Consequently, neither police nor the Attorney General’s Office can dump Ahok in a detention facility unless he is later on proven irrevocably guilty — in other words, after the District and High Courts as well as the Supreme Court reject his (possible) appeals.

These fine points of legal procedures are all Greek to the millions of protesters now demanding Ahok’s detention. They just want him to be dumped in jail whether or not the procedures are sufficiently complied with.

This is why is it necessary to remind the public that should Ahok be put in jail, it must be the result of a due process of the law and not the result of emotional pressure from the public. The latter would constitute a veritable legal tragedy.

The biggest headache gripping the government of President Joko "Jokowi" Widodo today is how to explain to Muslim leaders and the protesting millions demanding Ahok’s detention that even defending Islam from blasphemy should be done in accordance to the law.
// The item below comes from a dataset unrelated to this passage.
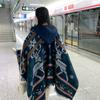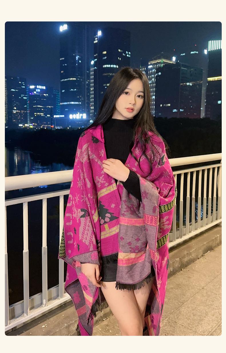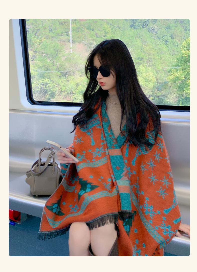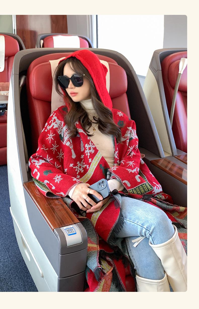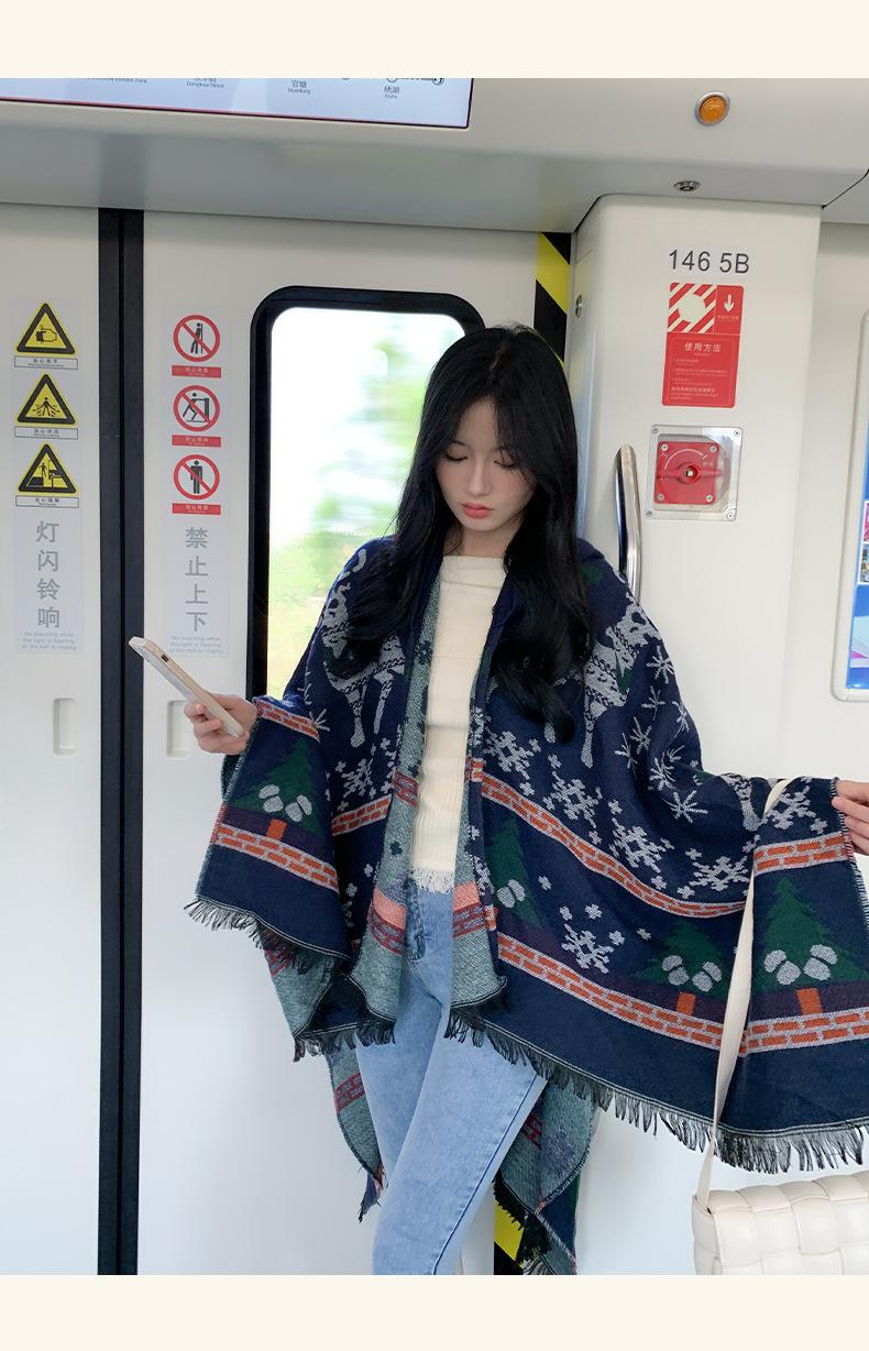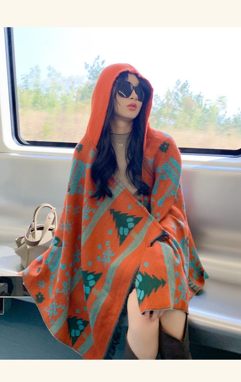 Invierno barba corta cómoda cálida bufanda transpirable alce navideño personalizado estampado casual con capucha versátil moda capa

One cannot attempt to uphold the law by breaking it. One cannot defend religion by breaking the Criminal Code. The only way to extinguish the burning coals of Muslim anger is to prove Ahok irrevocably guilty — in court.
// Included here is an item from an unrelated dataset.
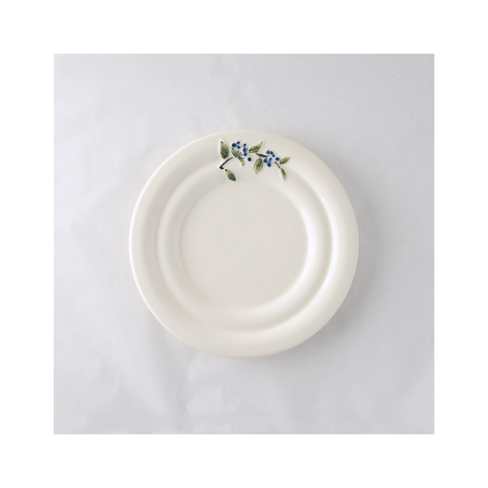 ぷっくりと美味しそうに膨らんだブルーベリーの実と葉は、職人さんの手によって、ひとつずつ丁寧に描かれています。

The Jokowi administration should see this blasphemy investigation as a rare opportunity to educate people about respect for the rule of law instead of allowing them to be misled by their own lack of understanding on how the legal system works.
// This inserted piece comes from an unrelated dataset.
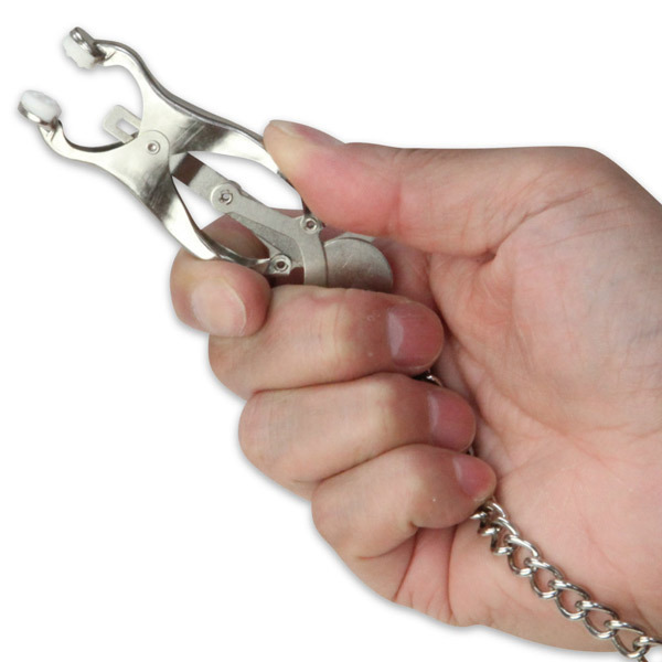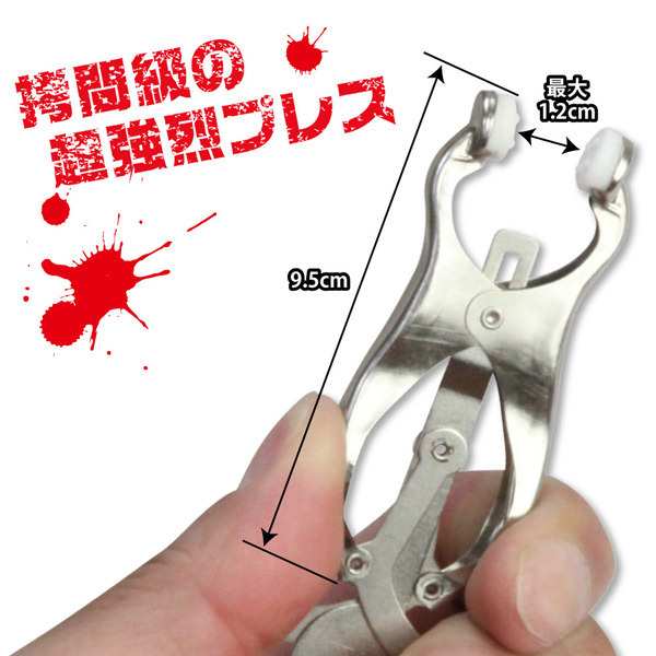 超ハードプレイを楽しめるSMグッズ!プレス刺激に加え、2つのクリップを繋ぐチェーンの重みによる負荷で痛気持ち良さも増幅!クリップの開閉幅は最大1.2cmです。

The government has been practically held hostage because of their own inability to draw a clear line between radicalism and pure aspiration for justice to be done.

Because of their own fault, the government now probably feels that radical Muslims and moderate Muslims have ganged up against them into one force of pressure.

The biggest dilemma in Indonesia is trying to find ways to stop radical forces in the Muslim community from poisoning the minds of people while hiding behind religious symbolism.

Terrorists, including the Islamic State, have been manipulating religious doctrines to launch attacks across the globe and many of them are turning demonstrations inside Indonesia — some actually organized by moderate Muslims — to their own advantage.

Detaining Ahok would be a victory for radical Muslims, and a total loss to law enforcers, for three reasons:

1. Issuing a legal verdict based on public pressure will leave the impression that the government has failed to uphold the rule of law. This will leave a bad precedent for future efforts to uphold legal supremacy. Public pressure will henceforth be used as a tactic to undermine the rule of law and dictate the government.

2. If you look at the context of Ahok's speech at Pramuka Island, the supposedly offending remarks were not actually blasphemous as he was neither criticizing Islam nor its holy book the Koran, but was cautioning his audience that some people had been misquoting Koranic verses to convince people to avoid voting for him.

Ahok's accusers do not just want him jailed for blasphemy, they also want to stop him from winning the Jakarta gubernatorial election in February 2017.

Sadly, this means democracy in Indonesia could soon become a "government of the people" and "by the people," but not for the people.

It will instead serve the purposes of political puppet masters pulling the strings to advance their own groups’ interests.

The political elites are now teaching the public a bad lesson: that no matter how well you have performed as a public servant, all your effort will go to waste if politicians hate you.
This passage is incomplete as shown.